_DIRECTIONS FOR THIS TASK_: Below are lines of records; copy exactly those from the one containing "Целью статьи является" through the one containing "Художественный маркированный конверт", leaving the pictures behind.

--- DATA SHOWN Enclosed Below ---

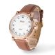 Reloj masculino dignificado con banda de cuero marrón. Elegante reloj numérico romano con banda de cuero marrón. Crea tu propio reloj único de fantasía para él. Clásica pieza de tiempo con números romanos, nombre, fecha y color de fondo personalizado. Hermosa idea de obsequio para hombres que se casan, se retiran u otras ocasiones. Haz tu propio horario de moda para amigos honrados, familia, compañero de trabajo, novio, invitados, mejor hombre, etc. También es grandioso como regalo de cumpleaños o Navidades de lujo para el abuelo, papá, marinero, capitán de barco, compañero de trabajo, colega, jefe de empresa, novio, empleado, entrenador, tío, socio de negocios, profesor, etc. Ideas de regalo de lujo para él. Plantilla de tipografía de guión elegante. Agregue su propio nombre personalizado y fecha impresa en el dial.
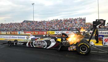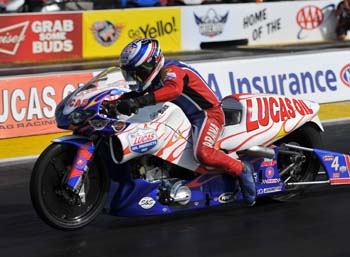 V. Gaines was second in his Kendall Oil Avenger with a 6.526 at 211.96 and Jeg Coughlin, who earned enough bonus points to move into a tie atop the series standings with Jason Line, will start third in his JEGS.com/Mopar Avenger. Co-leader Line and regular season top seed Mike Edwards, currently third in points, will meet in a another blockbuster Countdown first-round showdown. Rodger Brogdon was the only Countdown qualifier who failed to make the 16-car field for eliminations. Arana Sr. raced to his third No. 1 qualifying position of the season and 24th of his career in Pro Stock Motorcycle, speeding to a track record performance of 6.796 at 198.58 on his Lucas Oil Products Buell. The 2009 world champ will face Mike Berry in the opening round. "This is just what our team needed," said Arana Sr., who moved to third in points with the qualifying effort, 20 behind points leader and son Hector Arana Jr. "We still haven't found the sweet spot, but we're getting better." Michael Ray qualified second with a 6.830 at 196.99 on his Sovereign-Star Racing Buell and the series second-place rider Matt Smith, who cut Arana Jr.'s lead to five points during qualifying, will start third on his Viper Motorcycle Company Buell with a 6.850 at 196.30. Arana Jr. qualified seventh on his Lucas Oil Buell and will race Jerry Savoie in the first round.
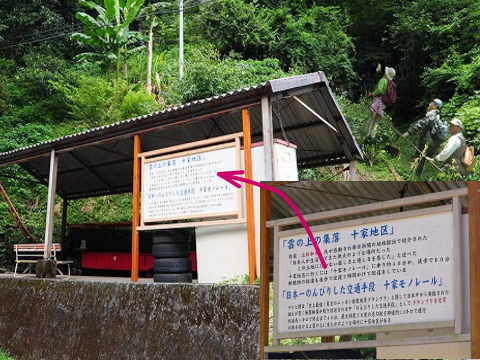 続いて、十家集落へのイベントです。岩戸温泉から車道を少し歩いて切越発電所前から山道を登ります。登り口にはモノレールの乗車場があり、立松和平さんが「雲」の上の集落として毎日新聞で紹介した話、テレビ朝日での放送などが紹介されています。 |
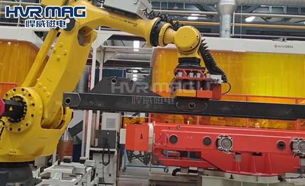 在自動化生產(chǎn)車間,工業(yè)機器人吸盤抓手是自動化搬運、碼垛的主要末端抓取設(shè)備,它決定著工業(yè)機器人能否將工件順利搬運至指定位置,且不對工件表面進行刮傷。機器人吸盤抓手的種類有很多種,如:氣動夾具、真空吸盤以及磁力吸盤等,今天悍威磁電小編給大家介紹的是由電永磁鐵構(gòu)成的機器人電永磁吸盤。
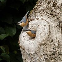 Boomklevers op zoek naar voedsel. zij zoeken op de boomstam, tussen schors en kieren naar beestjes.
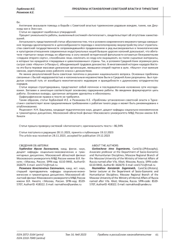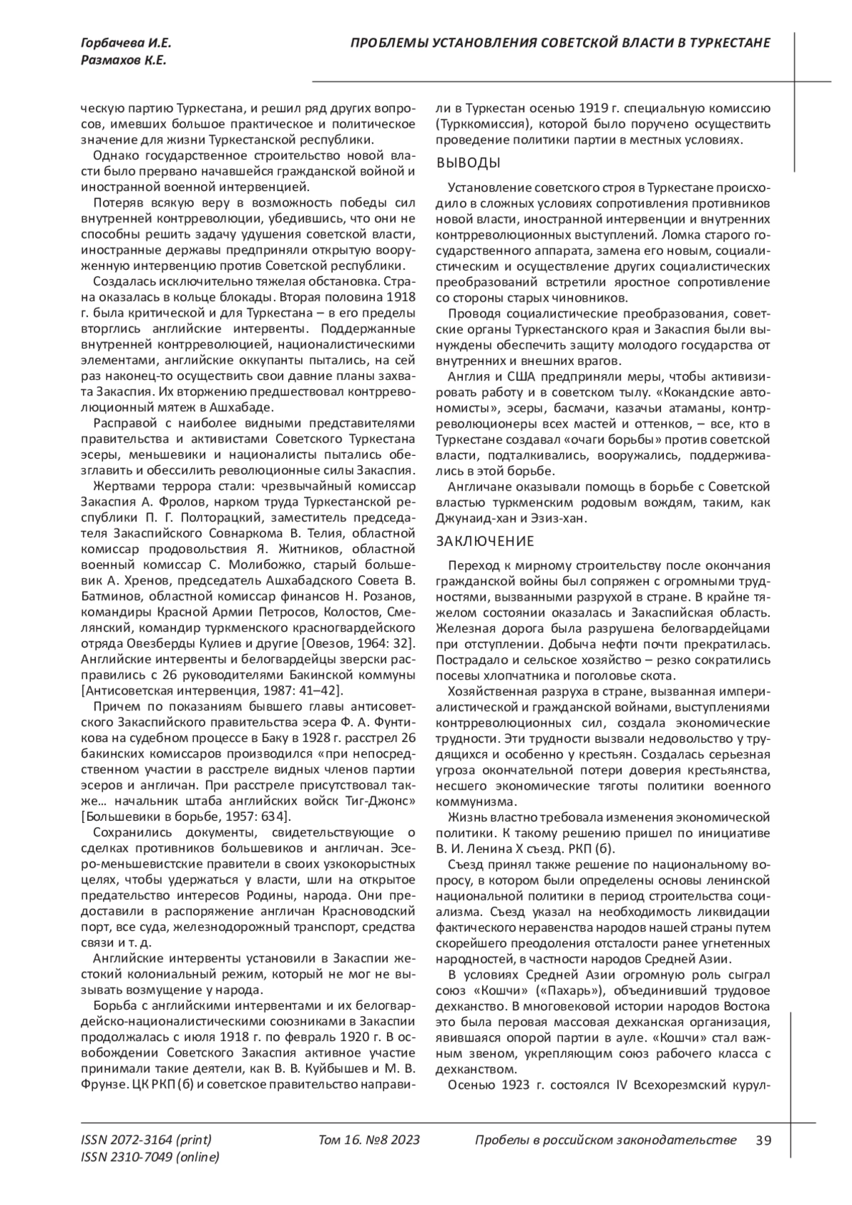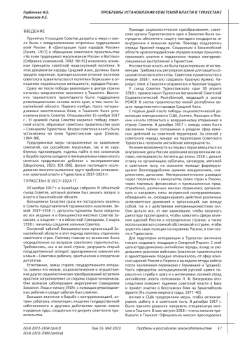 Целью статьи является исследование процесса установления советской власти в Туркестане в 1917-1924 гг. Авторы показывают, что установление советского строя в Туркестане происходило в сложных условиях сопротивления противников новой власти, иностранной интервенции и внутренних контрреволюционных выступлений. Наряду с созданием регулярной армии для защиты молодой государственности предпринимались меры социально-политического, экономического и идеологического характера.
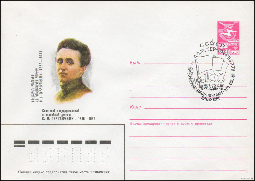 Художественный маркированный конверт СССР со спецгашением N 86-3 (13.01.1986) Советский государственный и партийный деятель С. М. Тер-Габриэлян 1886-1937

--- End of Enclosed DATA SHOWN ---
--- DATA SHOWN Enclosed Below ---

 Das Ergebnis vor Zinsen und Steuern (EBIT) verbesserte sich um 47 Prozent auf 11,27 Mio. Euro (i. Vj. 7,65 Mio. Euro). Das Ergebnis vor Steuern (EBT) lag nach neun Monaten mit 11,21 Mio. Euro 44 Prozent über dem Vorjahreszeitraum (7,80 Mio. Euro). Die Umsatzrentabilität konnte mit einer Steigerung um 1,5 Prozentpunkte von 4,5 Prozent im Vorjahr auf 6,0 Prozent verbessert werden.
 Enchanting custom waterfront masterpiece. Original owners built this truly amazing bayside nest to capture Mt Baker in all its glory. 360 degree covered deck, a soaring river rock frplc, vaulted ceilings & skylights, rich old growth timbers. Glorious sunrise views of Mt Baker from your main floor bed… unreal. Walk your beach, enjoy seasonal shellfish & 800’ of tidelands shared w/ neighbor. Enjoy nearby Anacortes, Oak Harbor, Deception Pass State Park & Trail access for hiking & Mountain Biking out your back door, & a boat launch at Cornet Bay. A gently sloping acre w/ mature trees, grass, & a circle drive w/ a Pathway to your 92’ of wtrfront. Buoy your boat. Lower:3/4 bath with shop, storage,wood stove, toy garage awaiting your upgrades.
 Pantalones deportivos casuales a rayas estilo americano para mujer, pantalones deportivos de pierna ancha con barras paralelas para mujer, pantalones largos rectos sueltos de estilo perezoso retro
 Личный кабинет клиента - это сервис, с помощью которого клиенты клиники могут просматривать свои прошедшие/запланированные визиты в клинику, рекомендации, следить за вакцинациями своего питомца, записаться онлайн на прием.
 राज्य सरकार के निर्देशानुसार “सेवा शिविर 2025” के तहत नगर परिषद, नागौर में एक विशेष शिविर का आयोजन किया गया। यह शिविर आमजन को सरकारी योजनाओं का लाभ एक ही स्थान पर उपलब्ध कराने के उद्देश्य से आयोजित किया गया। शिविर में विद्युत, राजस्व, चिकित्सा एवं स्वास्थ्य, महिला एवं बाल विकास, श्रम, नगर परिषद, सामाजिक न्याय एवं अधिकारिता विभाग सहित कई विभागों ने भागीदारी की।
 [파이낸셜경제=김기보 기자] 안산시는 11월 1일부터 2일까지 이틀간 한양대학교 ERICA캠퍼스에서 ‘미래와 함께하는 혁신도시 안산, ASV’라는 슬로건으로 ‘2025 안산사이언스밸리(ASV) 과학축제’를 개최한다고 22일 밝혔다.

--- End of Enclosed DATA SHOWN ---
--- DATA SHOWN Enclosed Below ---

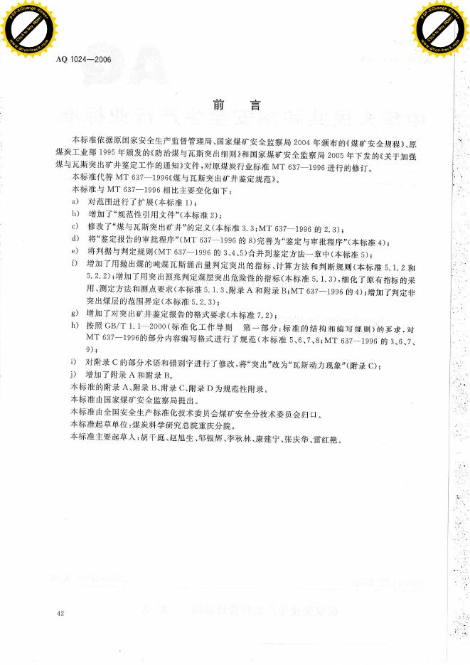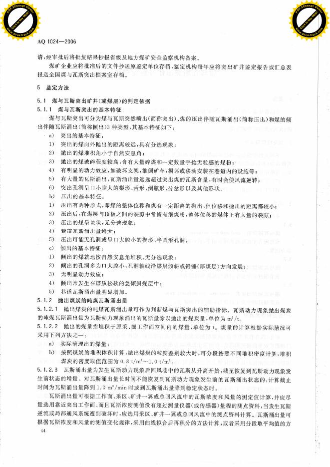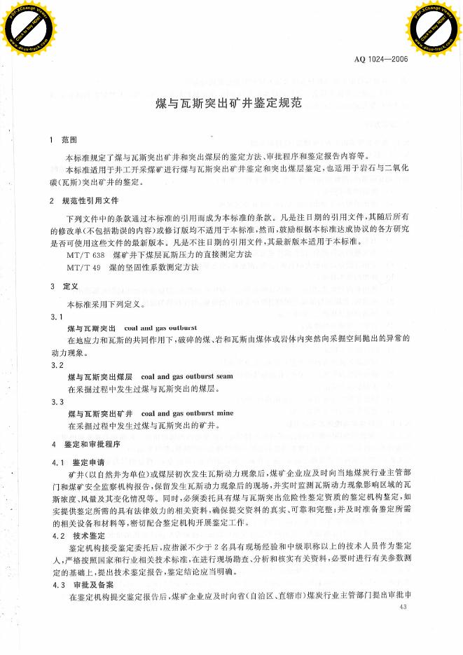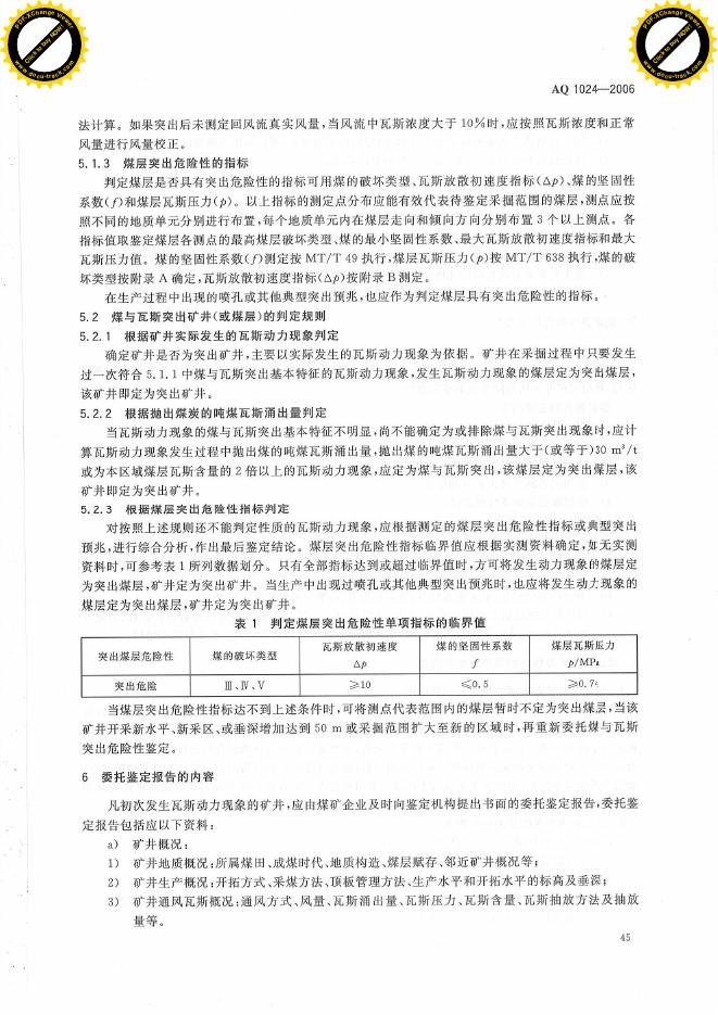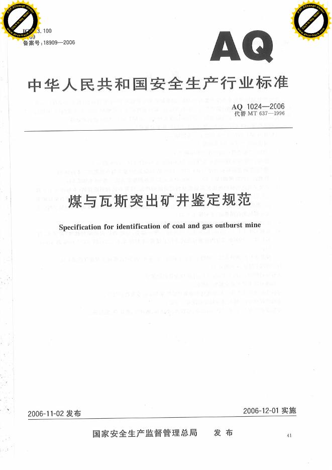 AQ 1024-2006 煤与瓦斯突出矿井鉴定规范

--- End of Enclosed DATA SHOWN ---

_RESPONSE TO THIS TASK_:
 Целью статьи является исследование процесса установления советской власти в Туркестане в 1917-1924 гг. Авторы показывают, что установление советского строя в Туркестане происходило в сложных условиях сопротивления противников новой власти, иностранной интервенции и внутренних контрреволюционных выступлений. Наряду с созданием регулярной армии для защиты молодой государственности предпринимались меры социально-политического, экономического и идеологического характера.
 Художественный маркированный конверт СССР со спецгашением N 86-3 (13.01.1986) Советский государственный и партийный деятель С. М. Тер-Габриэлян 1886-1937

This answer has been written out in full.